My feeling on this is that versioning explicitly in the protocol adds
clarity and some small level of compatibility.  Different auth and token
endpoints are easy, what's harder is supporting multiple protocols on
the same protected resource.  It's on the protected resource I'd like to
see some clearer protocol version spec so I'm not having to figure out
from the variable names which protocol it is.

> -----Original Message-----
> From: oauth-boun...@ietf.org [mailto:oauth-boun...@ietf.org] 
> On Behalf Of Eran Hammer-Lahav
> Sent: Thursday, July 01, 2010 9:36 AM
> To: Rob Richards; OAuth WG (oauth@ietf.org)
> Subject: Re: [OAUTH-WG] Versioning
> 
> Hi Rob,
> 
> > -----Original Message-----
> > From: Rob Richards [mailto:rricha...@cdatazone.org]
> > Sent: Thursday, July 01, 2010 3:26 AM
> > To: OAuth WG (oauth@ietf.org); Eran Hammer-Lahav
> > Subject: Versioning
> > 
> > Versioning is still something that needs to be addressed 
> before being 
> > being able to consider the draft core complete.
> 
> Versioning rarely works because when you define it, you have 
> no idea what the requirements will be for the next version.

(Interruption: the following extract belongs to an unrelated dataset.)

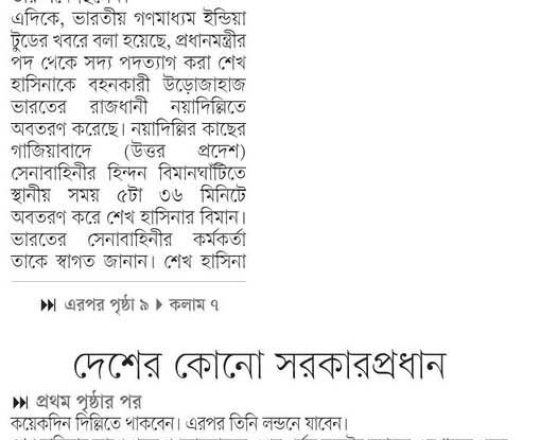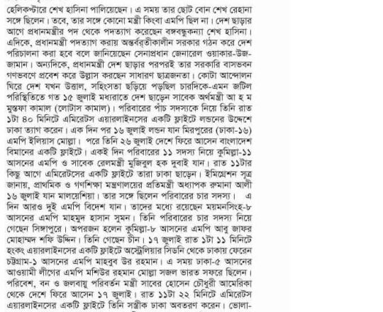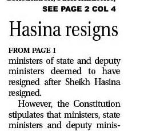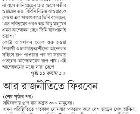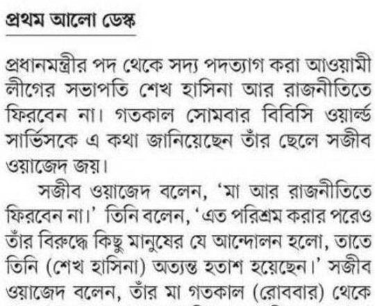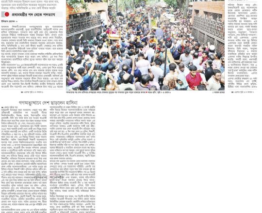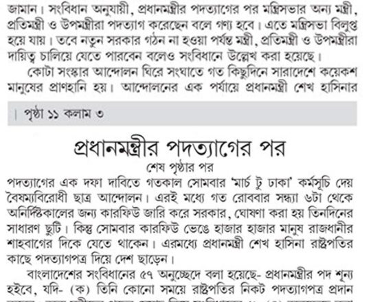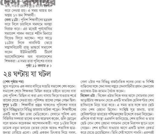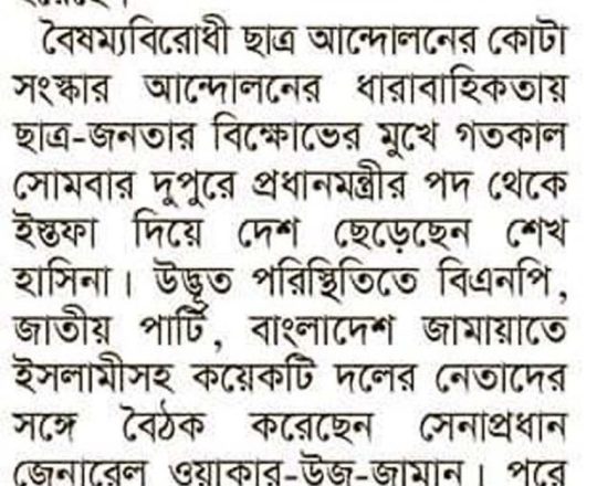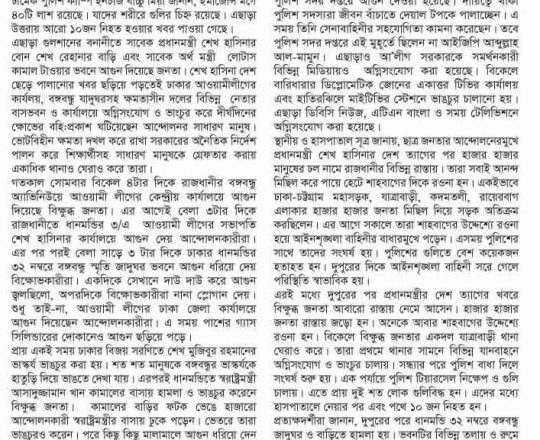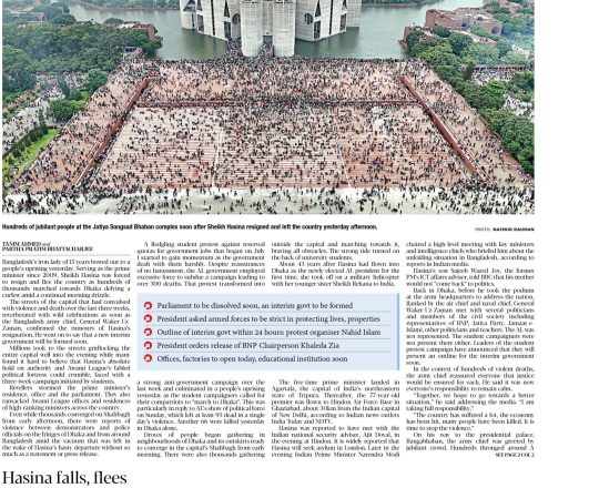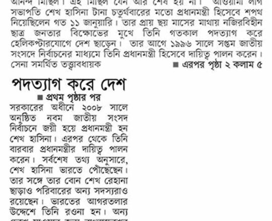 প্রথম আলো,৬ আগস্ট পদত্যাগ করে দেশ ছেড়েছেন শেখ হাসিনা

A 
> good example is the OAuth 1.0 version parameter. When we 
> worked to revised 1.0 into 1.0a, we had a long debate on 
> changing the protocol version number. We had a hard time 
> agreeing on what the version meant and what was it a version 
> *of*: the signature method or the token flow.
> 
> If this protocol will require significant changes in the 
> future that go beyond its extensibility support, such a new 
> version will need to use different endpoints (token or 
> end-user authorization) and/or different HTTP authentication scheme.
> 
> If you want to discuss versioning, you must provide your 
> requirements for such a feature, and clearly show how they 
> are not served by the current extensibility proposal.
> 
> > On this I'm still of the opinion that at the very minimum you will 
> > need to require an oauth_version parameter for the resource 
> endpoints, 
> > if not also for the others as well.
> 
> I think the difficulty of differentiating a 1.0 from a 2.0 
> protected resource request is exaggerated. As said before, 
> you can tell the difference based on the presence of other 
> parameter (oauth_signature_method), or by examining the 
> provided token (assuming you issue different tokens for each 
> version). The argument that a 2.0 request can also be a 
> malformed 1.0 request is silly. I have yet to hear about that 
> level of incompetence for a 1.0 developer (and I've heard 
> about a lot) - omitting every other required parameter.
> 
> At most, I'm open to renaming the oauth_token parameter to 
> something else (oauth_access_token, oauth.token, oauth-token, 
> etc.) but I think even that is not needed.